Observers of China’s outbound shopping splurge have been struck by the diversity of companies doing the buying, which extends far beyond state-backed giants and natural resources champions that have historically dominated dealmaking.

The Sparkle Roll owner, for example, has never made a major acquisition outside China, and the offer for Bang & Olufsen became the subject of a confusing contretemps as shareholders realised there are two Chinese firms by that name, one of which denied any involvement in the deal.

Losing out

The number of first-time acquirers with limited experience making deals abroad means it’s “critical that the sellers are diligent in reviewing the quality and certainty of the proposals,” said Mayooran Elalingam, head of Asia-Pacific M&A at Deutsche Bank AG.

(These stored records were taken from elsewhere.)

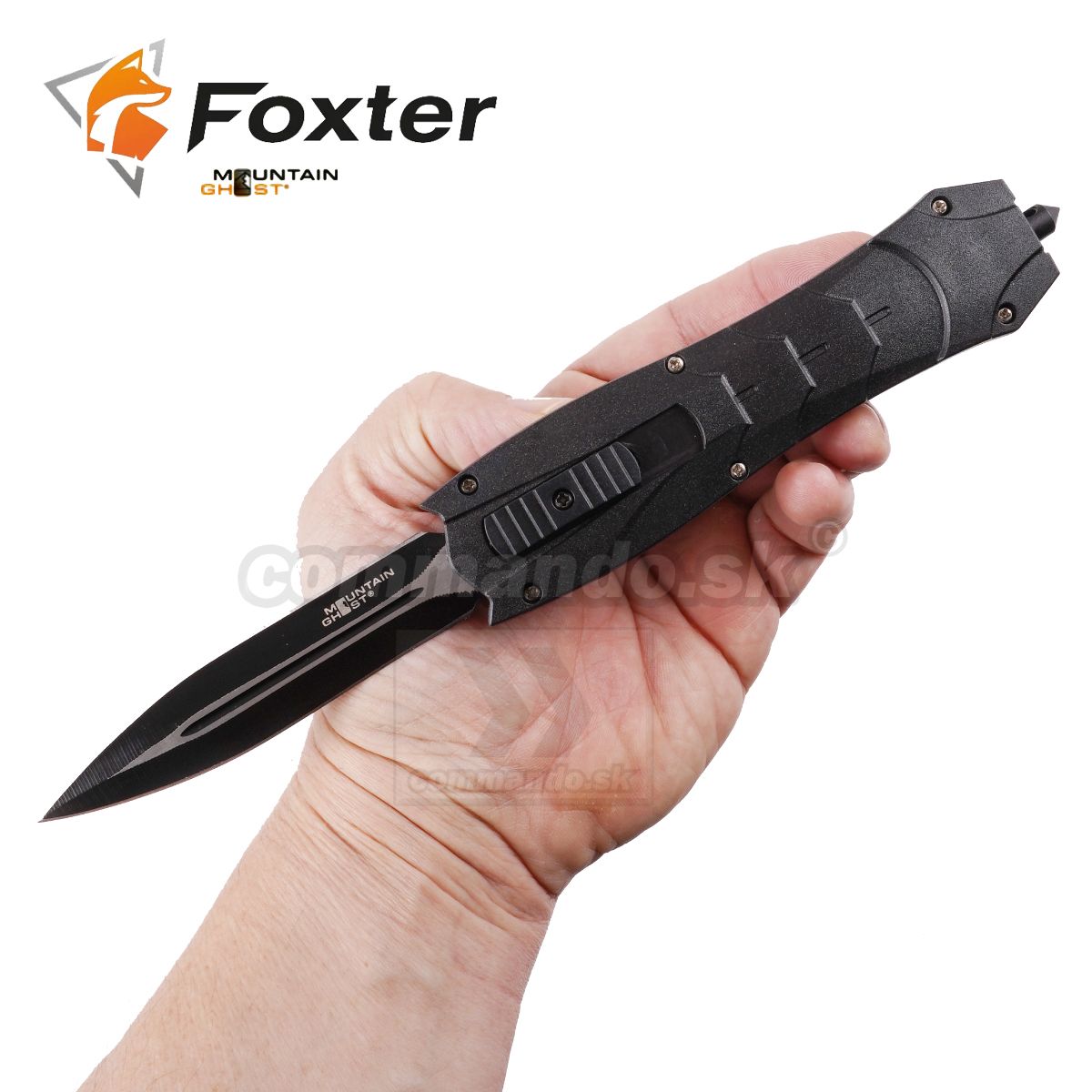 Automatický zatvárací nôž vyskakovačka Mountain Ghost - OTF - out the front s rozbíjačom skla
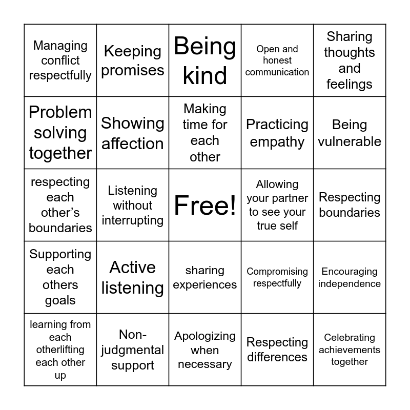 This bingo card has a free space and 32 words: Respecting differences, Patience, Listening without interrupting, Being trustworthy, Supporting each others goals, Showing affection, Sharing thoughts and feelings, Encouraging independence, Keeping promises, Being understanding, Making time for each other, Being kind, Ensuring that your words show understanding and care, Forgiving mistakes and letting go of past grievances, Allowing your partner to see your true self, Offering support through both good and bad times, learning from each otherlifting each other up, respecting each other’s boundaries, sharing experiences, Active listening, Compromising respectfully, Expressing appreciation, Respecting boundaries, Non-judgmental support, Celebrating achievements together, Open and honest communication, Practicing empathy, Problem solving together, Managing conflict respectfully, Apologizing when necessary, Quality time together and Being vulnerable.
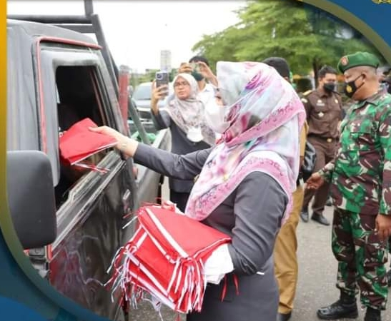 Pembagian bendera itu dilakukan oleh Bupati Berau Sri Juniarsih, Dandim 0902 Berau Letkol Inf Dony Fatra, Kabag Ops Polres Berau AKP Febriadi Silvano Muabuay, Kepala BPBD Berau Thamrin, Wakil Ketua DPRD Berau Syarifatul Sadiah, Asisten 1 Setkab Berau M Hendratno, serta sejumlah OPD terkait.
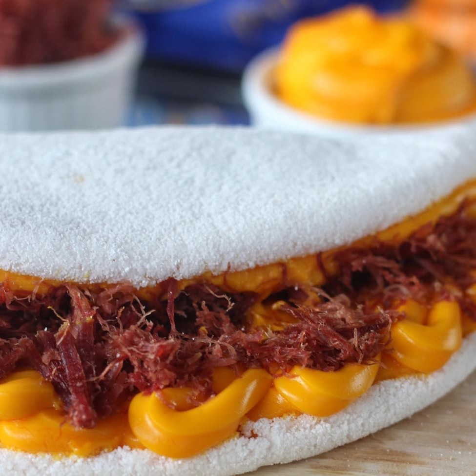 Uma combinação irresistível! Nossa massa de tapioca levinha e crocante abraça um recheio generoso de Carne seca desfiada, envolvida na cremosidade da muçarela derretida. Uma explosão de sabor caseiro em cada mordida!
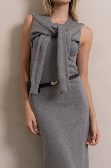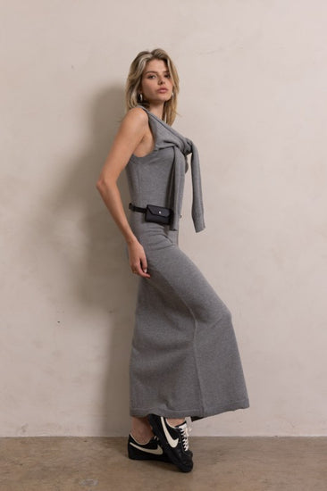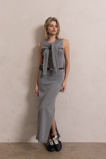 Have the chicest moment in our Prodigy Sweater midi. She's detailed with tie scarf detail, sweater material and side slit. Guaranteed to turn heads and compliments!
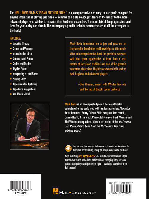 Author: Mark Davis Hal Leonard Jazz Piano Method Book 1 Softcover Audio Online The Hal Leonard Jazz Piano Method is a comprehensive and easy-to-use guide designed for anyone interested in playing jazz piano - from the...Regular price $29.99 -
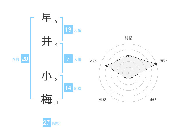 星井 小梅さんの天格は13画の5点!
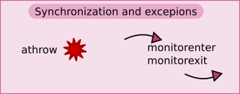 - method-level: flag ACC_SYNCHRONIZED in method_info structure (checked by method invocation instrunction); if present: thread enters monitor, calls method, exits monitor before normal/abrupt completion
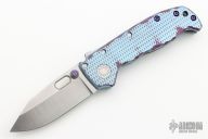 This AD20 by Andrew Demko features a hand hollow ground satin finished blade with notched thumbrest, thumbhole and dual thumbstuds.  The handle has an anodized titanium frame with a tip up anodized titanium clip and "Shark" lock release on the spine. Comes with original box and zippered case. MagnaCut Blade. New from Maker!
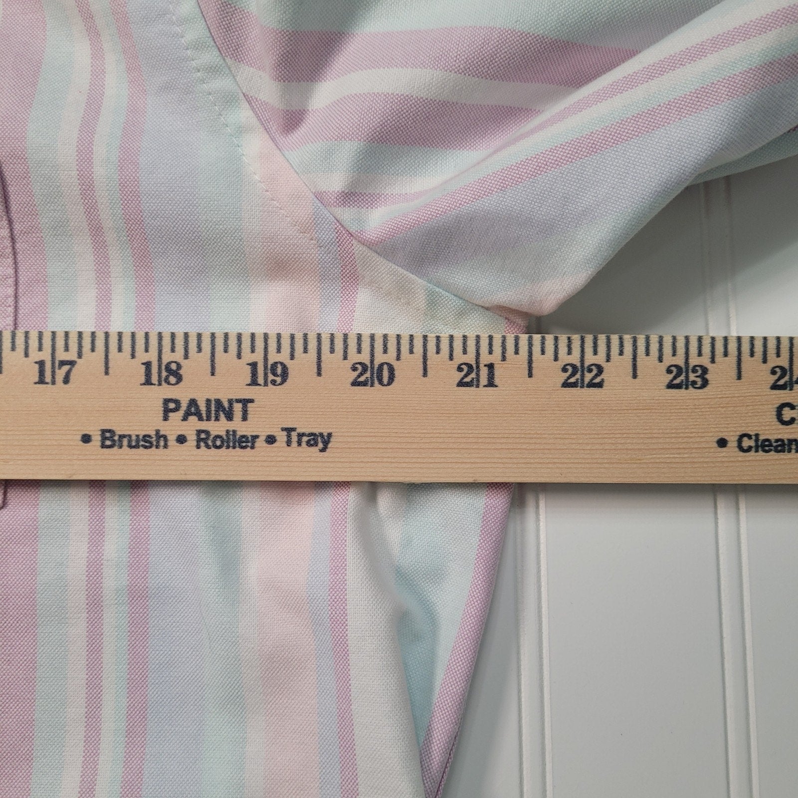L.L. Bean striped cotton button-up shirt, women’s size medium, pastel pink, mint, and lavender
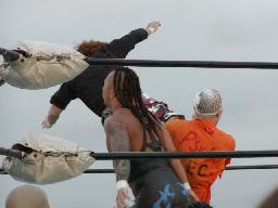 場外の西田。まるっきりスパイク・ダドリーだなあ。
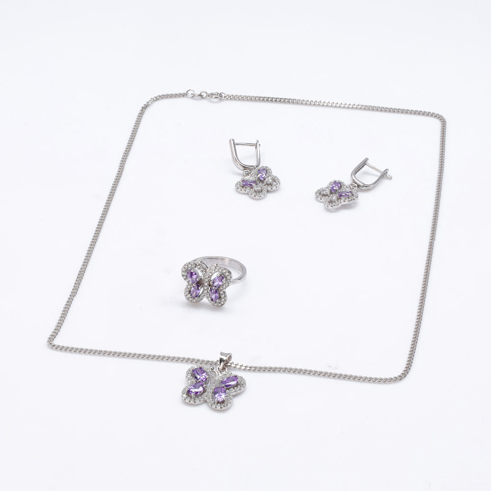 Discover the Amethyst Whispers Silver Locket Set - an enchanting blend of elegance and sentimentality. Crafted with precision, this set features a delicate silver locket adorned with sparkling zircon stones and a captivating amethyst gem. A timeless keepsake, perfect for treasuring cherished memories close to the heart.
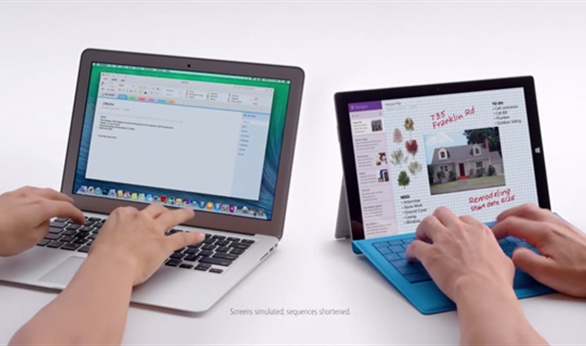 وضعت مايكروسوفت الكمبيوتر الهجين الخاص بها Surface Pro 3 في مقارنة دعائية مع كمبيوتر أبل Macbook Air للتأكيد على أن جهازها أفضل، على حد وصفها.
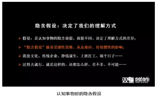 緊接著(zhù),樓仲平引導大家突破思維遮蔽,打破隱含假設!
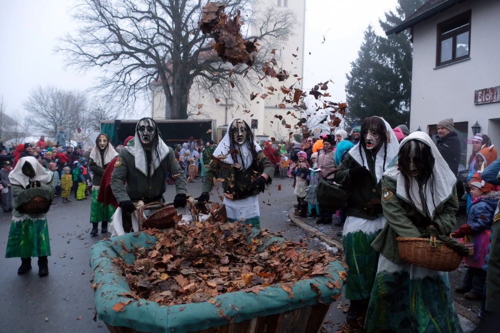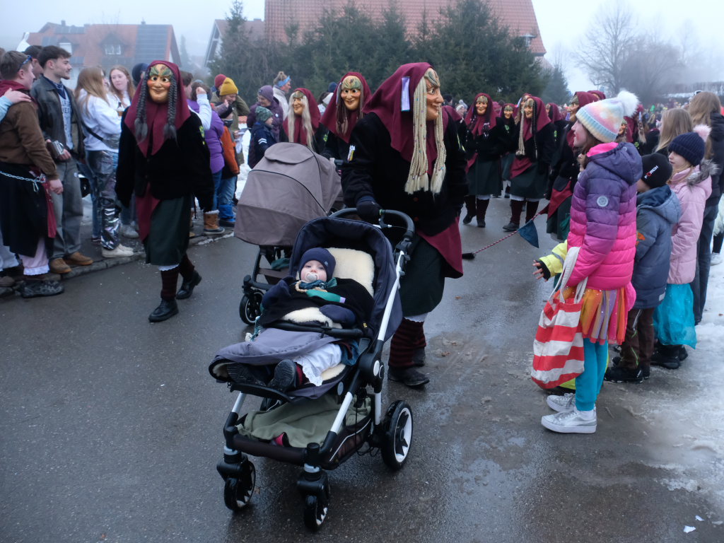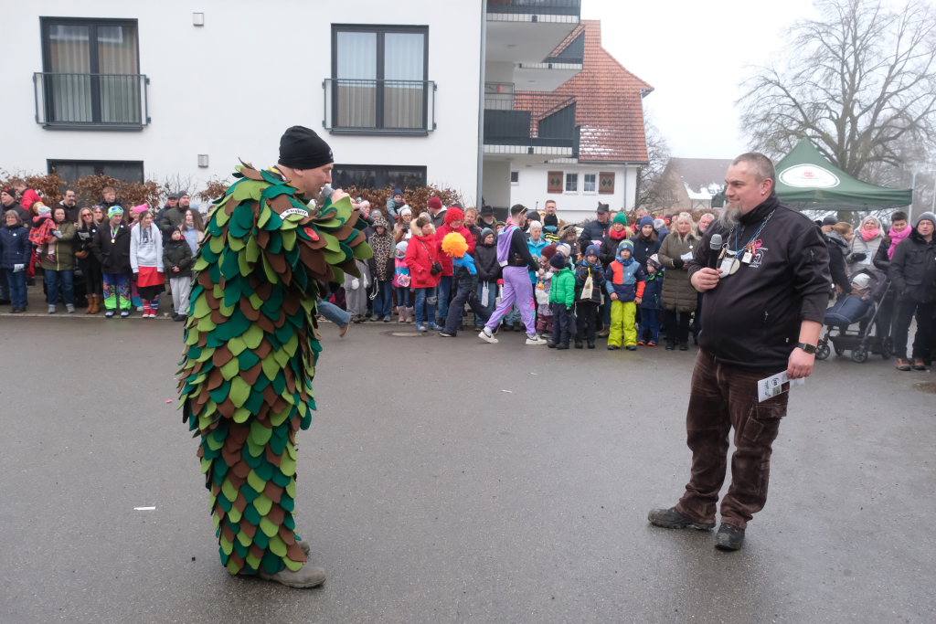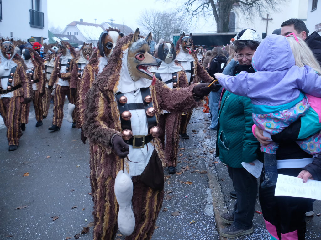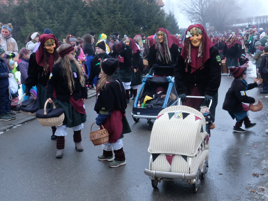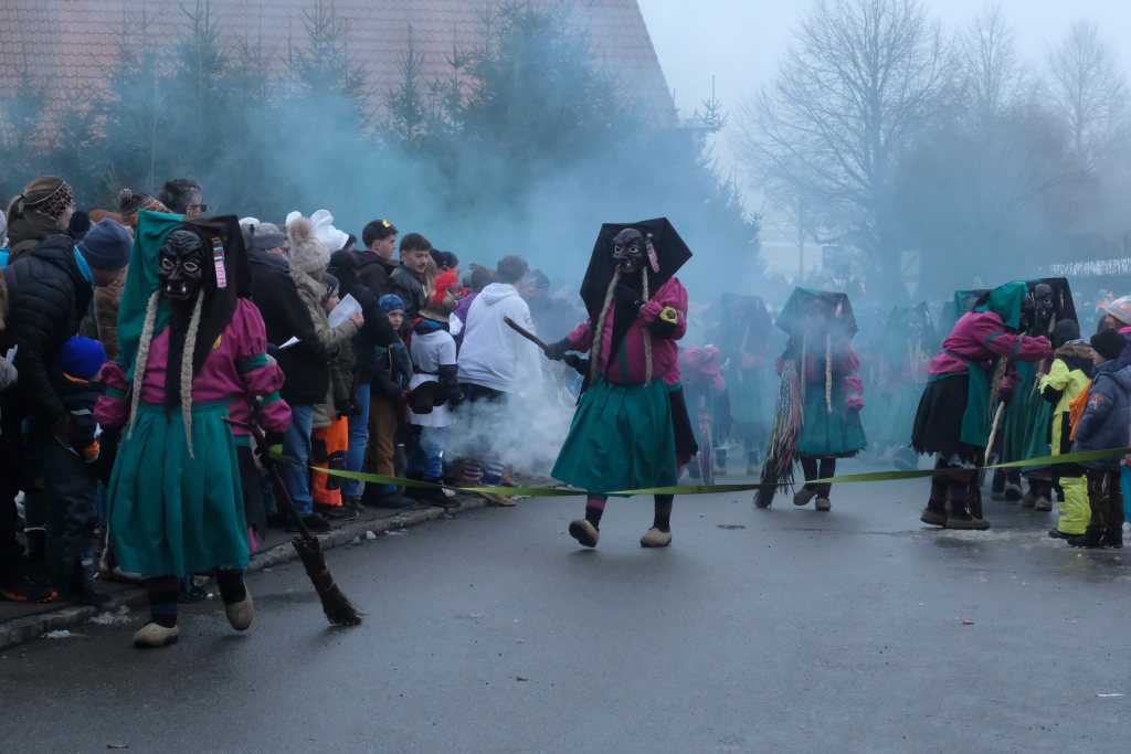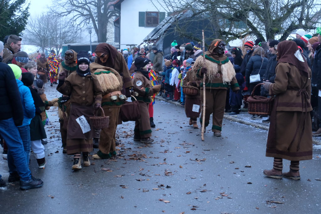 Dazu bereicherten viele Zünfte aus der Region wie Immenried, Alttann, Wolfegg, Waltershofen oder Aichstetten das närrische Geschehen auf den Straßen von Arnach. Erstmals in dieser Saison auf den Umzügen zu sehen sind die „Krähen“ aus Diepoldshofen mit ihrem Narrenspruch „D´Kräh isch munter – Tanzlaub goht unter“.
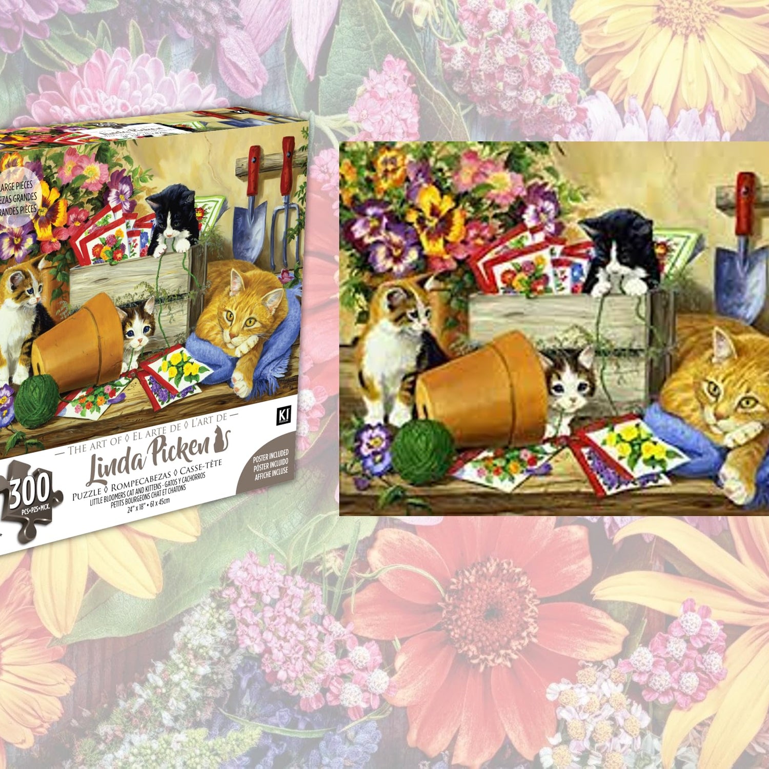 300 Piece Puzzle for Adults Linda Picken Little Bloomers Cat & Kittens 24 x 18 Cute Jigsaw by KI Puzzles
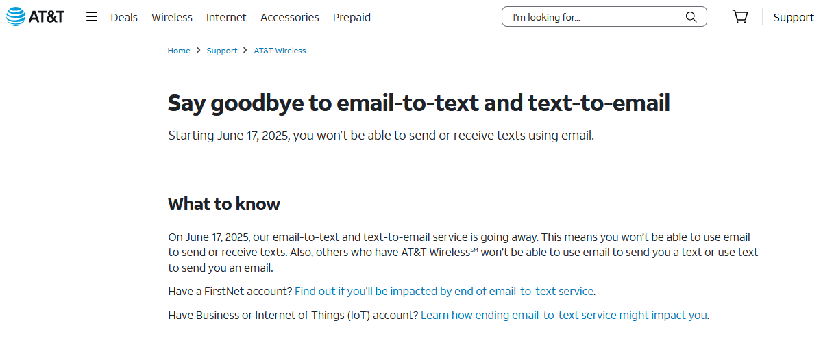 下面这篇文章也提到了,邮件服务商SendGrid于2024年就停止了all email to SMS gateway traffic,也提到AT&T官方也于2025年停止了相关服务。
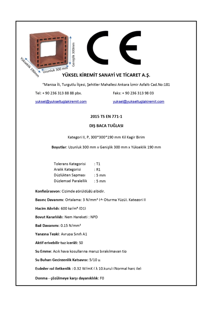 TS EN 771-1 standardına bağlı olarak D1 toleransı içinde değişebilir

It can also mean foreign company boards refusing to recommend offers - even those coming in at a premium to other bidders. China Resources Microelectronics, pursuing its first overseas acquisition, last month failed to win approval from Fairchild Semiconductor International for its $2.46bn offer.

On Monday, a Chinese-backed group dropped an offer for Affymetrix after the DNA testing firm said it had concerns over approval from US and Chinese regulators.

For Chinese companies that do complete acquisitions, the next challenge will be how to manage their purchases, striking the right balance between hands-on direction and giving new units a long leash.

Political scrutiny

In Syngenta’s case, ChemChina Chairman Ren Jianxin pledged to leave the Swiss company’s management in place and re-list the company on public markets in a few years’ time. Another flagship Chinese deal, Zhejiang Geely Holding Group’s 2010 purchase of the iconic Volvo car brand, resulted in “a great deal of autonomy” and new investment that was missing under former owner Ford Motor, said Eric Thun, a professor at Oxford University’s Said Business School who studies the Chinese corporate world.

That approach is popular among Chinese companies because, for the most part, they “don’t have the capability to manage these assets,” Thun said. “These are not global organisations.”

They’ll also be under significant scrutiny from politicians in the countries where they choose to invest.

A US lawmaker has asked for the Committee on Foreign Investment in the US, a government body that reviews transactions by international acquirers, to look carefully at Zoomlion’s deal for Terex, which has significant contracts with the American military. Fairchild Semiconductor cited the risk of a negative decision from the panel in its rejection of the China Resources offer.

More broadly, Chinese buyers making their first forays abroad need to show employees, regulators and investors that they can successfully integrate purchases and stick to commitments, according to JPMorgan’s Cristerna.

If they fail, they will miss “a real opportunity to establish themselves in the global corporate arena,” Cristerna said. “It could take a very long time to recover.”